Large numbers of shipping containers are manufactured each year, transported to far-flung ports, and frequently discarded. These unwanted shells can be purchased relatively cheaply and given a new lease of life. Doing so can pose significant challenges, however, such as dealing with solar heat gain, ensuring adequate insulation, and overcoming safety concerns. But there's a definite argument for their continued use, as highlighted by the selection of shipping container-based architectural projects below.

Caterpillar House

Located near Chile's capital Santiago, Caterpillar House, by Chilean architect Sebastián Irarrázaval, is a shipping container-based family residence that boasts views of the local Andes Mountains. The Andes also handily help reduce energy costs, as the cold air which passes down from the mountains is utilized as a form of passive-cooling, seeping through a ventilated facade and carefully arranged windows to cool the inside.

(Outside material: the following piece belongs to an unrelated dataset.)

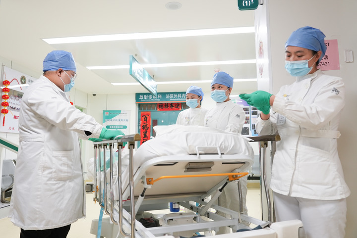 2月17日,解放军总医院第四医学中心急诊医学科护师喻俊(右二)与同事一起转运患者。新华社发(韩启扬 摄)

Caterpillar house was completed in 2012, measures 350 sq m (3,800 sq ft), and comprises a total of 12 shipping containers which provide bedrooms, living quarters, and even a swimming pool.

Sleeping Around

Belgian-based outfit Sleeping Around uses shipping containers as a basis for a portable hotel. The Sleeping Around B&B; features six container units in all, with four of them tasked as guest rooms, and the remainder serving as breakfast and lounge area, and sauna room, respectively. Since it's based on shipping containers, the hotel can be moved to different locations with relative ease (it's currently based in Antwerp).

Happily, the hotel is more involved than simply throwing some beds in some spare containers, and each 20-ft (6-m) long guest room looks quite well-equipped, with bed, iPod docking station, air-conditioning, and a bathroom area with toilet and shower.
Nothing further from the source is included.